Yemeni model and actress

Entisar al-Hammadi (إنتصار الحمادي) (born 25 January 2001) is a Yemeni actress and model.

== Personal life ==
Entisar was born on 25 January 2001, Taiz Governorate, to a Yemeni father and an Ethiopian mother. She moved to Sana'a with her family. Her family operates a small shop, where they sell Lahoh made by her mother. Al-Hammadi worked in the family shop, assisting in selling Lahoh with an ambition to become a model despite growing up in a conservative society regarding women's issues. In 2017 she began her career as a model and appeared in print and online advertisements for cosmetic and haircare local companies. In 2020 she began acting on television and appeared for the first time in two local TV drama series "Sad al-Gharib" and Ghurbat al-Bun".

== Detention ==
On 20 February 2021 Entisar was detained by the Houthi in Sanaa and sentenced by a Houthi-run court to five years in prison eight months later. The Houthis accused her of "prostitution and drug abuse." She and her lawyers denied these charges. Human Rights Watch said the Houthis carried out an unfair trial of Entisar and her case marred with irregularities and abuse. In July 2021 she was transferred to the hospital as she attempted suicide inside her jail.
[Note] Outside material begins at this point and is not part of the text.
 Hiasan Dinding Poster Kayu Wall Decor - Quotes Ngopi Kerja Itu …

According to Amnesty International, Al-Hammadi was "interrogated while blindfolded, physically and verbally abused, and subjected to racist insults.
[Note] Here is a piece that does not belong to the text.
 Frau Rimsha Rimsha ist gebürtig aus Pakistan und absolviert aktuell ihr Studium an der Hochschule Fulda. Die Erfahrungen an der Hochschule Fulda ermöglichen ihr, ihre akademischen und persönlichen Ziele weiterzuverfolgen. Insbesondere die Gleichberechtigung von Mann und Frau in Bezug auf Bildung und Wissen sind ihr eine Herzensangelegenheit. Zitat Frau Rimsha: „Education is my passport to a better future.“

Nasr, the 12-year-old brother of Entisar, revealed in an interview with The New Arab that his family was unaware of her abduction. He explained that they only learned about her detention through media reports. Nasr also shared that his mother's health had worsened upon hearing the news, as she already suffers from heart problems.

The Houthis released her from prison on 25 October 2025.